» WORKING DATA
▼

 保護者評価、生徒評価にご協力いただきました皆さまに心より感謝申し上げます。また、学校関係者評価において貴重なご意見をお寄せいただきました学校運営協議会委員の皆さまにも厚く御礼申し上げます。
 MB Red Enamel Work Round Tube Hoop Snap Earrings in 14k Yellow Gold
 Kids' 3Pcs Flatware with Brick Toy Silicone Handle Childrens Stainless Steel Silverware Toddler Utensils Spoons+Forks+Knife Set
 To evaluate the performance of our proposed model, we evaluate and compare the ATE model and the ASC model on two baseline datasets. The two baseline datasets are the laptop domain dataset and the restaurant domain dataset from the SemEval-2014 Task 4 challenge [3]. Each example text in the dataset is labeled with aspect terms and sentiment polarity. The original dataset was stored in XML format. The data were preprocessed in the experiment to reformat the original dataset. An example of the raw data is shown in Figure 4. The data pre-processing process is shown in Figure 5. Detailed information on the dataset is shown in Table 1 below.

▲
▼

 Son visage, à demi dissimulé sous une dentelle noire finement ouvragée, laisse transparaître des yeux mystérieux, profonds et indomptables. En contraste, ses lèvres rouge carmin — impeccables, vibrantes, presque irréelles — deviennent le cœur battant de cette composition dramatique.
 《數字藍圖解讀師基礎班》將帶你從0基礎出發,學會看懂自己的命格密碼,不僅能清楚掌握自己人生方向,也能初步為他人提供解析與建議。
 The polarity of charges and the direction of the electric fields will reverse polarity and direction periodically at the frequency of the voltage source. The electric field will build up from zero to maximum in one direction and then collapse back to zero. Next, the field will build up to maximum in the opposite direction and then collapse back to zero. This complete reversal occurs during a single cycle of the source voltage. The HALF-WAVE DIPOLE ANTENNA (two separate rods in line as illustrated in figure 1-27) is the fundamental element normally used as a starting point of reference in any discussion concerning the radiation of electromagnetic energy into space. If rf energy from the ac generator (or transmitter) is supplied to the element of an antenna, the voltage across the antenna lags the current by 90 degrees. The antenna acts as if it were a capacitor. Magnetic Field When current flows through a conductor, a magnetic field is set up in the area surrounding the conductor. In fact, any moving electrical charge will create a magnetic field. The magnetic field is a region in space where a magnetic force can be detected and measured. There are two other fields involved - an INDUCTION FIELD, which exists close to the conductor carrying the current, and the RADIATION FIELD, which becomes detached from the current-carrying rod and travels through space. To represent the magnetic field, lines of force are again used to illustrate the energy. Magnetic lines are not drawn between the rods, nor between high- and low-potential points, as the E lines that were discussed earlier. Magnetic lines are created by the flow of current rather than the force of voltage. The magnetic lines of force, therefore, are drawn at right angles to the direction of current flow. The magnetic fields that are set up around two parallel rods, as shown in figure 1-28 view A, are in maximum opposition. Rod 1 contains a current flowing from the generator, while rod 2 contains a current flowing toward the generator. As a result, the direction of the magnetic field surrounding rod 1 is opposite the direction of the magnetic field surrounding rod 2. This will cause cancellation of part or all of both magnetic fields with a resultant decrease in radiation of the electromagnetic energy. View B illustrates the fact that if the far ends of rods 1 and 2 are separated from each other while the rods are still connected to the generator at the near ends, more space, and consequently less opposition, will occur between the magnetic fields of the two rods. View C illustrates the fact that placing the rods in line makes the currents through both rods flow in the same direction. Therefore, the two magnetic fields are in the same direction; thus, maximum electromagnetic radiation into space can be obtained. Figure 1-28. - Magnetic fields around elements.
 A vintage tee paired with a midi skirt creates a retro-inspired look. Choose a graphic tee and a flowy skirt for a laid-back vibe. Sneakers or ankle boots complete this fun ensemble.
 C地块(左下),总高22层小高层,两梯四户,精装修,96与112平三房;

▲

» EXERCISE
Copy out each line of the data above, exactly, if it lies between the line holding "保護者評価、生徒評価にご協力" and the line holding "Kids' 3Pcs Flatware", inclusive; copy no other line.

» TASK SOLUTION
 保護者評価、生徒評価にご協力いただきました皆さまに心より感謝申し上げます。また、学校関係者評価において貴重なご意見をお寄せいただきました学校運営協議会委員の皆さまにも厚く御礼申し上げます。
 MB Red Enamel Work Round Tube Hoop Snap Earrings in 14k Yellow Gold
 Kids' 3Pcs Flatware with Brick Toy Silicone Handle Childrens Stainless Steel Silverware Toddler Utensils Spoons+Forks+Knife Set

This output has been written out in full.